Federal legislation, set to be introduced by two Democrats in Congress, would shift responsibility to the industries producing the plastic encircling the globe. The bill, being introduced by Senator Tom Udall of New Mexico and Representative Alan Lowenthal of California, is one of the most aggressive, sweeping attempts to hold the plastics industry, beverage makers and other companies financially responsible for dealing with the waste they create.

The so-called Break Free From Plastic Pollution Act is a long shot, with no Republican co-sponsors and several provisions that seem sure to be nonstarters in an election year. But the legislative effort at the federal level, even if a politically unrealistic one, shows the growing sway of environmental groups that have pushed to stem the flow of plastic waste into the ocean.

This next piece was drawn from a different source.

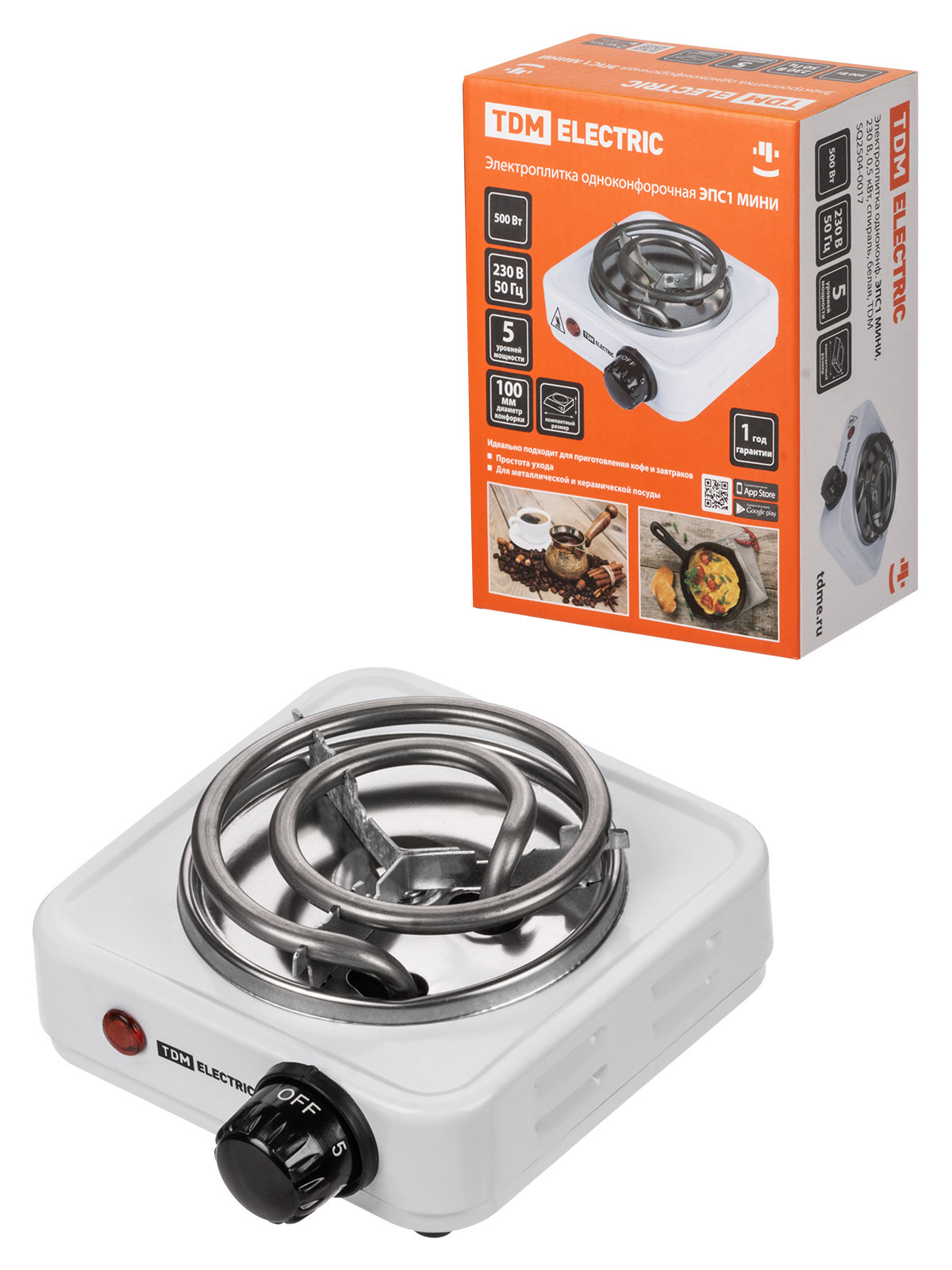 Наименование: Электроплитка одноконф. ЭПС1 МИНИ, 230 В, 0,5 кВт, спираль, белая, TDM

The legislation includes measures that the sponsors argue will increase the nation’s meager recycling rates, such as a national “bottle bill” that would incentivize people to return their empty soda and water bottles by providing a 10 cent refund for each bottle. It would also require companies that produce and sell food service and plastic packaging to pay for the waste collection, a burden that now falls primarily on taxpayers. “The plastics pollution crisis has reached a tipping point and the American people are fed up,” Mr. Udall said in a conference call with reporters on Monday.

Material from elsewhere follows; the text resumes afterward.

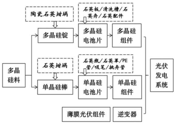 在光伏制造过程中,石英坩埚等石英制品是用于光伏单晶硅、多晶硅生产的重要耗材,例如石英坩埚在硅棒、硅锭生产中用于盛装熔融硅;石英舟、管、瓶、清洗槽等在电池片生产过程中的扩散、清洗等工艺环节中起到承载功能等。石英坩埚的性能直接影响着拉晶质量,石英坩埚中杂质元素含量过高时,石英坩埚在高温状态下容易析晶;Al含量过高,会影响拉制单晶硅的纯度;K、Na、Li等碱金属元素含量超标,将导致石英坩埚的软化点大幅下降,造成坩埚坍塌,使拉晶无法进行、/p>

The bill calls for a pause on creating new plastic producing plants, which have been a boon for the oil and gas industry and a job generator in states like Texas, Louisiana and Pennsylvania. As the supply of oil and gas swells but global demand shows signs of leveling off, plastic production is one of the fossil fuel industry’s most promising areas of growth. That dynamic is causing concern about increased greenhouse emissions and poor air quality caused by the new petrochemical plants, but it also means the oil and gas industry is poised to fight vigorously to defend its expansion. There are some provisions in the bill that could find broader support, like mandating standardized labels on recycling and composting bins to help people more effectively sort their used containers.